**Recorded information:**
_ _ _ _ _

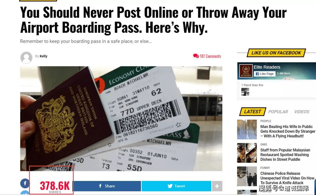 为了能让更多的人意识到问题的严重性,多家外媒新闻也及时跟进,浏览量达到10万+,分享人数37万+...可见有多少人还不知道登机牌背后所隐藏的危险!
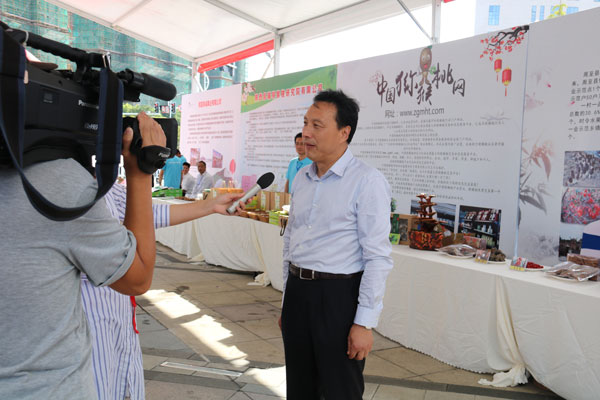 周至县农业局局长何局长在接受当地电视台采访
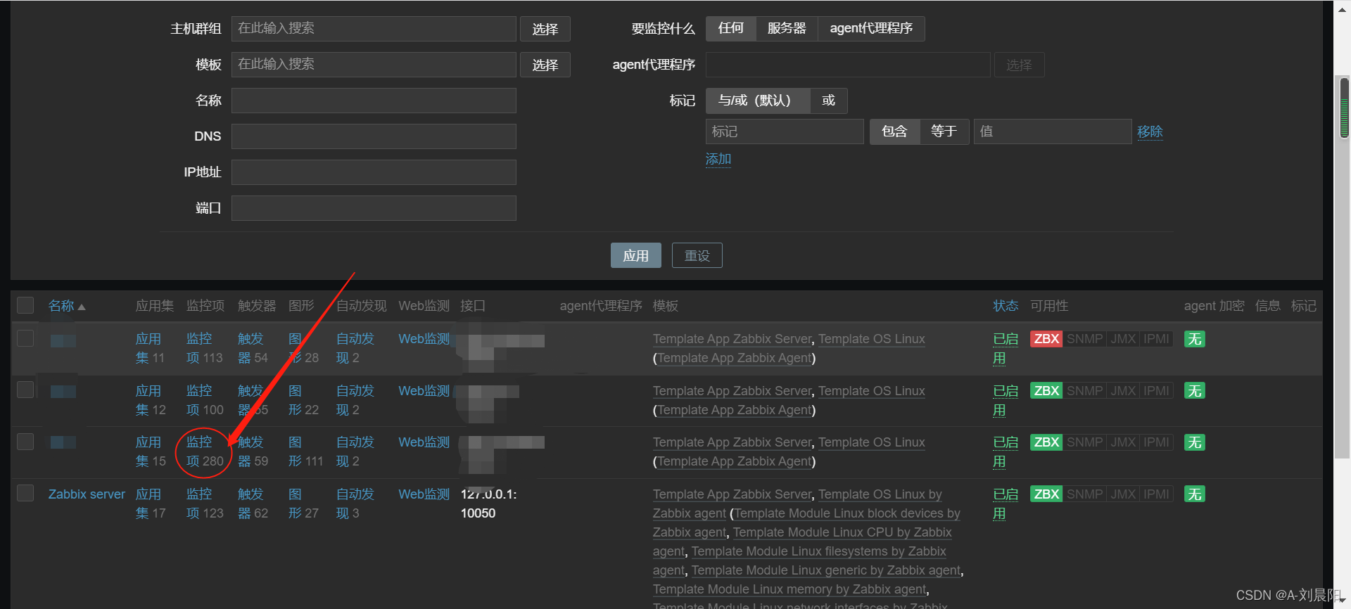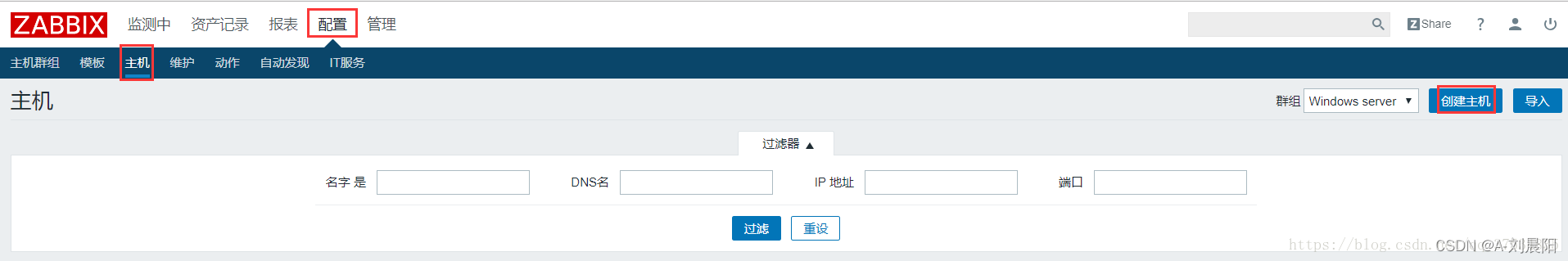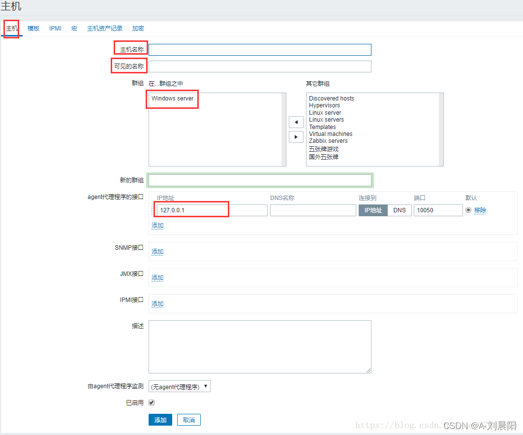 选择主机,并填写以下红框部分。与agent配置文件中Hostname保持一致,自定义,选择一个或者新建一个,一般为内网ip,如果需要走公网监控则填写公网ip

_ _ _ _ _

**Aim of the exercise:** Only the lines from the one containing "周至县农业局局长何局长在接受当地电视台采访" through the last line of the material should be returned, exactly and without pictures.

**Answer area:**
 周至县农业局局长何局长在接受当地电视台采访
 选择主机,并填写以下红框部分。与agent配置文件中Hostname保持一致,自定义,选择一个或者新建一个,一般为内网ip,如果需要走公网监控则填写公网ip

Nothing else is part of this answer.